For the past few weeks I have been on call waiting for his response. Phone next to the bed, notifications on, random spurts of awake during the night to check because of our time difference. I have been responding promptly, ensuring he isn’t waiting, making sure it is clear I’m invested, showing him that games should remain in childhood. When at first I wasn’t getting a clear response from him, I even double messaged, asking again when he would like to FaceTime, throwing myself out there like a fish on land hoping he would make the choice to take my vulnerability into consideration. The responses have become slim to none, spread out so far that I am never awake when they come in, sometimes distancing a week in between. To the girls reading this, know that I do not enjoy playing the fool, but we all need to play it once to realize why we should never put that hat on again.
As someone who works with people I know the power of choice. We make choices everyday- what we want for breakfast, what show we want to watch, what shirt we want to wear, and what we want to do with our time. Choices tie solely to our wants, to our needs, and to our priorities. Choices define our actions in a way excuses never can. You could say I was making him a priority. I have done this dance before, the salsa before the solo. Where for a brief moment you are there together, but slowly it becomes clear that this is a one man show. It’s never any easier the second or third time you realize this is happening. It’s always painful to see you were not a priority or choice, to hear excuses instead of the truth. Simply put, he did not like me enough to choose me. I have made excuses of my own before- I’m not looking for anything right now, I’m busy, I actually try not to be on my phone a lot- but when it comes down to it, they are excuses.
There is a famous quote by Albus Dumbledore that I have fallen in love with the older I get.

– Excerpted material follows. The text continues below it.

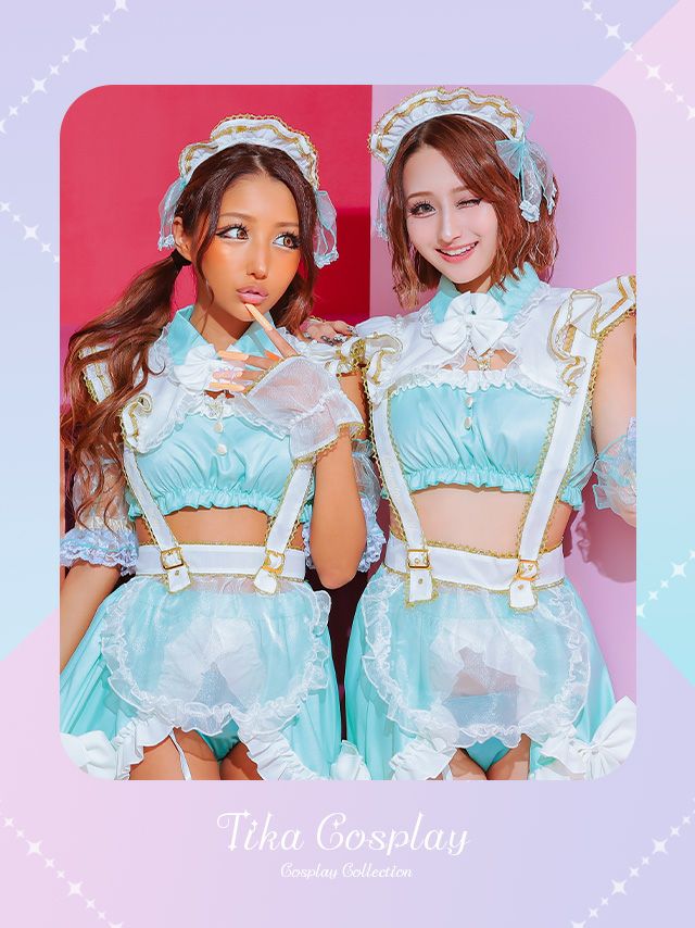 4. [SALE] コスプレ ラブリーリボンへそ出しツインセクシーガーリーツインメイド [10点セット] (カチューシャ/付け襟/チャーム/トップス/エプロン/付け袖/カフス/スカート/ショーツ/ガーターリング)

It says “It is our choices,Harry, that show what we truly are, far more than our abilities.” It focuses on the fact that or choices speak louder than our capabilities. Dumbledore did always know exactly what to say. I could be sad about this, I could be disappointed, and I could react. I have the ability to choose, to know what my priorities are, but he is not one of them. In the past I may have vented to all my friends as we sat around a bottle of wine sharing war stories of our own about the wounds we collected from other’s choices. But the difference now lies in the power of my choice. Now I see that my time is no longer meant to be spent where it is not reciprocated and this makes me wonder what my time is meant to be spent on. I look internally instead of externally. I think of ways that I have wanted to challenge myself and seek those options. We must love ourself before others can do the same. Maybe I will choose to pick up painting. Maybe I will choose to take that solo trip to South America like I wanted to. Maybe I will choose to write that book. Maybe I will choose myself again, before I got lost in someone else that wasn’t meant to be mine. Like calls to like as we all know, and if I strive to make myself even more interesting, to take this time to challenge myself in more ways, well then maybe once I am done, someone else, one with priorities instead of excuses, will come along wanting to choose me.